Conventional thresholds: readings above +1,000 indicate a buying breadth thrust, below -1,000 a selling thrust. Sustained extremes — multiple +1,200 prints inside an hour — read as institutional program buying. Single spikes followed by reversal are treated as exhaustion signals.

Worked Example

On 2025-08-05, SPY opened down 1.4% after a weak jobs print. By 10:15 ET, the TICK printed -1,287, well past the -1,000 threshold. Over the next 90 minutes the TICK reset toward neutral, with no follow-through below -800. By 1:30 ET the TICK printed +987 on an SPY rally back through VWAP. The early -1,287 marked a session low that held for the rest of the day — a textbook negative TICK extreme acting as a short-term capitulation marker.

When Traders Use the TICK

Scalpers and futures day-traders (ES, NQ, YM) watch the TICK for:

  • Trend confirmation — sustained readings in one direction (a half-hour of +600 to +900 prints) validate a directional move
  • Divergence — index makes a new high but TICK fails to exceed its earlier high, signaling deteriorating breadth
  • Reversal signals — extreme prints above ±1,200 mark short-term exhaustion, often setting up fade trades
  • Open-range reads — the first 15-minute TICK profile reveals whether buyers or sellers control the morning

Algorithmic desks use rolling 5- or 30-minute averages of TICK to filter chop from trend.
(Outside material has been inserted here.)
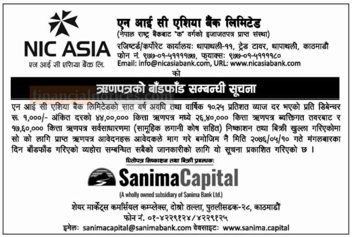 ऋणपत्र बाँडफाँड सम्बन्धी सूचना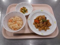 【献立】 牛乳 鮭ごはん 鶏肉と野菜の揚げ煮 白菜のおかかあえ【主な食材と産地】 しょうが 高知県 じゃがいも 北海道 たまねぎ 北海道 にんじん...

Limitations and Common Misconceptions

The NYSE TICK counts only NYSE primary listings — Nasdaq names (AAPL, MSFT, NVDA) do not contribute, despite being the largest weights in major indices. This blunts the indicator's relevance to a Nasdaq-heavy S&P 500. The TICK also treats every stock equally — a $5 SPAC's uptick counts the same as Berkshire Hathaway's. It measures direction, not size. After-hours and pre-market sessions are not covered; the TICK updates only 9:30 to 16:00 ET.

A second misconception is that TICK extremes mark precise turning points. They identify zones of stress, not exact reversal candles. Combine with VWAP, session levels, and the advance-decline line for confluence before acting.